The agent doesn’t see 450 tool definitions. It sees a filesystem it can browse. When a task requires Google Drive, the agent reads google-drive/index.ts to understand the available functions. When it needs Salesforce, it reads that module. Everything else stays unloaded.

Then the agent writes code that executes inside a sandboxed environment. This is where the real savings come in. That meeting transcript gets fetched and processed within the sandbox. The model never sees the raw 50,000-token document. It only receives the extracted summary the code returns.

The result from one of Anthropic’s implementations: 150,000 tokens compressed to 2,000.

Three mechanisms driving the savings

The token reduction comes from three distinct mechanisms working together, and understanding each one matters for anyone trying to replicate this pattern.

On-demand tool discovery

Traditional agent setups front-load every tool definition. Code execution introduces what Anthropic calls “progressive disclosure.” The agent browses the filesystem, reads only the definitions it needs, and moves on. A search_tools function with configurable detail levels helps agents find the right tools without loading everything.

Think of it like the difference between carrying an entire toolbox up a ladder versus wearing a tool belt and grabbing what you need from the ground. The weight difference compounds with every additional tool.

Local data processing

This is where the biggest token savings happen. Instead of piping raw data through the model for filtering, the code execution environment handles it locally. Anthropic gives a concrete example: Fetching 10,000 spreadsheet rows, filtering them down to 5 pending orders, and returning only those 5 records to the model. The 9,995 irrelevant rows never touch the context window.

The same principle applies to joining data across sources, extracting specific fields from complex structures, and aggregating results. All of it happens in the sandbox.

Native control flow

Under direct tool-calling, every decision point requires a round trip to the model. Loop through a list of records? The model reasons about each iteration. Handle an error? Another round trip. Code execution replaces this with standard programming constructs (loops, conditionals, try/catch blocks) that execute instantly in the sandbox.

The latency improvement goes beyond tokens. An agent that needs 15 sequential model calls to iterate through a list can collapse that into a single code execution, saving wall-clock time on every run.

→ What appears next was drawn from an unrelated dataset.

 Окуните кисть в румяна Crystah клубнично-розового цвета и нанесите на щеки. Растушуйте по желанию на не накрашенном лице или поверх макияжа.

The privacy angle nobody expected

Token efficiency grabbed the headlines, but there’s a second benefit buried in Anthropic’s post that deserves more attention: Data privacy.

Under the direct-calling model, every piece of data flows through the LLM’s context. That meeting transcript, those customer records, those financial figures: The model processes all of it. For organisations operating under GDPR, HIPAA, or SOC 2 requirements, that creates compliance headaches.

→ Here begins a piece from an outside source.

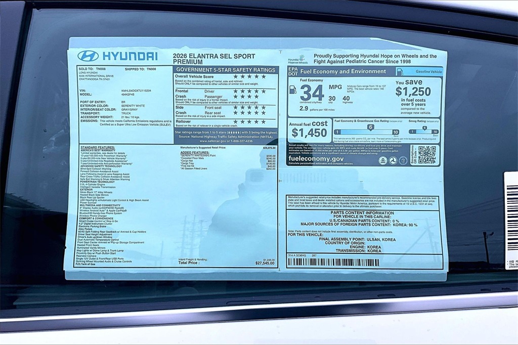 2026 Hyundai Elantra SEL Sport Serenity White Price includes: $500 - Hyundai HMF Dealer Choice : $500 discount. $44.05 per $1000 financed. Available to well qualified buyers who finance through Hyundai Motor Finance. H704. Exp. 02/02/2026

Code execution with MCP keeps intermediate data inside the sandboxed environment by default. The model only sees what gets explicitly returned. Anthropic goes further, describing systems that automatically tokenise personally identifiable information so that data can flow from Google Sheets to Salesforce without names, email addresses, or phone numbers ever entering the model context.

This is a meaningful architectural shift. Organisations can build agents that handle sensitive workflows without exposing that data to the model, a requirement that’s been blocking adoption in regulated industries.

The trade-offs are real

Anthropic doesn’t pretend this approach is free. Code execution demands infrastructure that direct tool-calling doesn’t: Secure sandboxing to prevent malicious or runaway code, resource limits on CPU and memory, monitoring to track what agents are actually executing.

There’s also an implicit requirement: The model needs to be good at writing code. This pattern depends heavily on the LLM’s ability to generate correct, functional TypeScript (or whatever language the execution environment supports) from natural language intent. Weak code generation means broken workflows.

Debugging also gets harder. When an agent calls a tool directly, the failure mode is straightforward: The tool worked or it didn’t. When an agent writes code that orchestrates multiple tool calls with conditional logic and error handling, diagnosing failures requires inspecting generated code, sandbox logs, and execution traces. The observability stack gets more complex.

Industry validation

Anthropic isn’t alone in this direction. Cloudflare independently published similar findings under the term “Code Mode,” reaching the same conclusion: Language models are exceptionally good at code generation, and developers should exploit that strength when building multi-tool agents.

The broader MCP ecosystem makes this pattern increasingly practical. Since the protocol was donated to the Agentic AI Foundation under the Linux Foundation in December 2025 (co-founded by Anthropic, Block, and OpenAI), adoption has accelerated. Monthly SDK downloads now exceed 97 million across Python and TypeScript. Over 10,000 active public MCP servers are running in production. Every major cloud provider (AWS, Google Cloud, Azure, Cloudflare) offers deployment infrastructure.

The question is no longer whether MCP will be the standard for agent-tool communication. That’s settled. The question is how efficiently agents will use that standard, and code execution appears to be the answer the industry is converging on.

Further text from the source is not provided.